With a final and legally binding arbitration, it appears as if Mort Curtiss, the 55-year old Libby High School teacher terminated for allegedly distributing drugs, will report to the high school for work, but when that happens remains to be seen.

The arbitrator decided that some discipline was necessary, but Curtiss’ termination – pushed by District 4 Superintendent K.W. Maki and confirmed 5-2 by the Libby School Board – was inappropriate, as the District did not meet its burden to show that dismissal was appropriate.

The result is that Curtiss must be reinstated as soon as possible to his old position after he meets the criteria of the pretrial diversion agreement.

Scott Hilderman, Curtiss’ attorney, says that could be as soon as next Monday, Oct. 22. Maki said his lawyers told him it wouldn’t be until next August or September. The difference in these points is the interpretation of the pretrial diversion agreement.

The arbitrator, Lawrence E. Little, wrote in his arbitration award that the grievance was denied in part and sustained in part. It sustained the District had “just cause” to issue a suspension without pay and require strenuous conditions for returning as a teacher, but did violate state law by terminating Curtiss. 

“I just hope people can put this in the past and give me another chance,” Curtiss said when called at home this weekend. “I hope the school administration can not drag this out and not cost me a bundle more money.”

Curtiss had been terminated Sept. 19, 2011, after an ordeal that began the night of March 4 to 5, 2011 at the Elks Lodge in Libby. Curtiss, an industrial arts and driver’s-education teacher at Libby, allegedly freely shared prescription drugs with an adult at the bar.

   Curtiss has a history of back pain and had prescriptions for oxycodone, a painkiller, and marijuana. He allegedly shared these with a police informant.
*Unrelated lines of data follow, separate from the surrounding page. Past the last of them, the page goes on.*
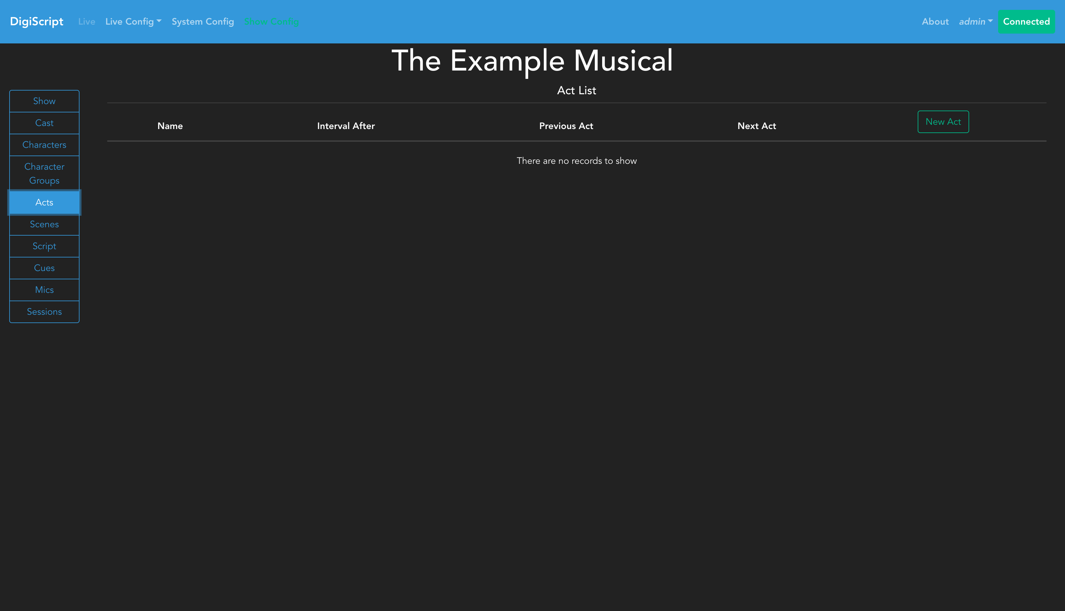 A show is made up of acts and scenes, so these are the next things to configure. Going to the Configure Acts tab will allow you to start this process. When you first access this page, you’ll see an empty acts list:
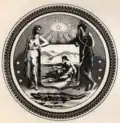 Below and partly within the semicircular inscription 'City of New Orleans' an Indian brace and maiden stand on each side of the shield, upon which a recumbent nude figure is shown saluting the sun rising above mountains and sea. Above the shield are twenty-five circularly grouped stars, and below, an alligator.
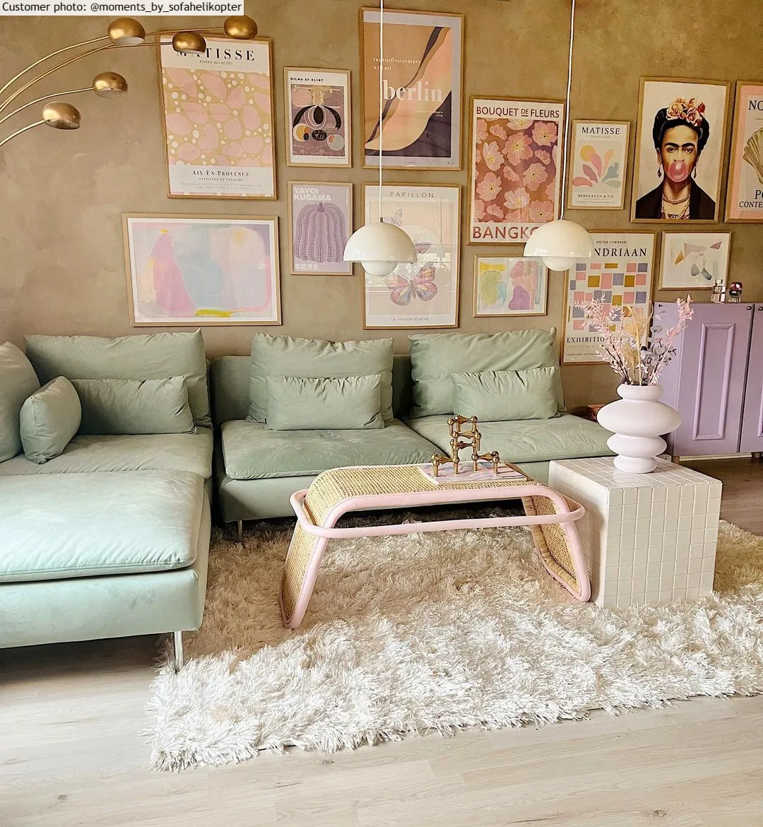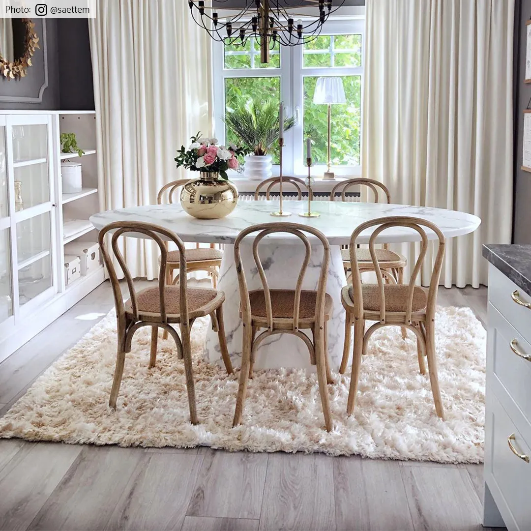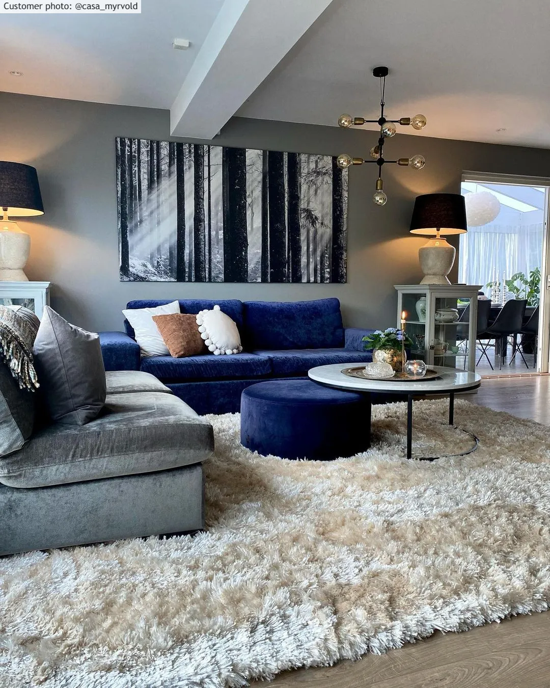Tapijt van Rya. Zacht, dicht, indrukwekkende pool. Glanzende draden worden afgewisseld met matte en geven een levendig, golvend Rya tapijt.
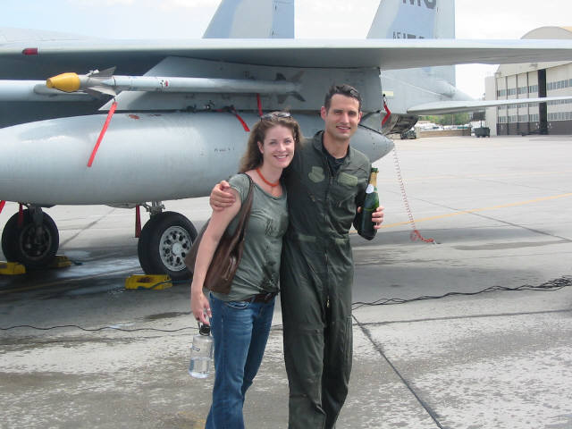 This week was something of a big transition for me. I had my last ever flight in an F-15 on Thursday (pictured below after being hosed do wn). And today I moved my RV-10 from my garage out to the hangar. I've been worry ing about how I was going to transport it as most trailers are only 6 feet wide. You can see I used a 4x8 sheet of 5/8 inch plywood strengthened by some 2x8 and 2x4 boards underneath to extend the trailer width out to 8' - perfect for the ge ar. It was easy to load and unload and traveled great.
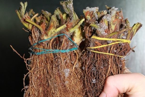 To provide planting material throughout the year, the ingenious Dutch have come up with a special technology called frigo. It consists in the fact that in late autumn, rooted rosettes of strawberry whiskers with a well-developed root system are harvested on plantations, while all the leaves are removed, leaving the bud, petioles and small leaves intact. Such seedlings are tied in bundles, placed in plastic bags, which are placed in boxes and placed in refrigerated chambers for storage at a temperature of -1.5-2 ° C. In this state, they can be stored for up to one year.
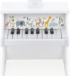 Piano en bois pour enfants dès 3 ans, illustré par Sarah Betz, offre une découverte ludique de la musique. Fabriqué en bois de qualité et sans électronique.

He taught for two weeks at the high school before an initial suspension with pay.

   Many employer-employee disputes are settled with arbitration, a non-trial, legally binding way of settling disputes with a lawyer sitting in a mediation position.

   The District may appeal, but according to Hilderman, that would only slow down the process.

   “If they appeal, they will lose,” Hilderman said. “There is no basis to appeal.”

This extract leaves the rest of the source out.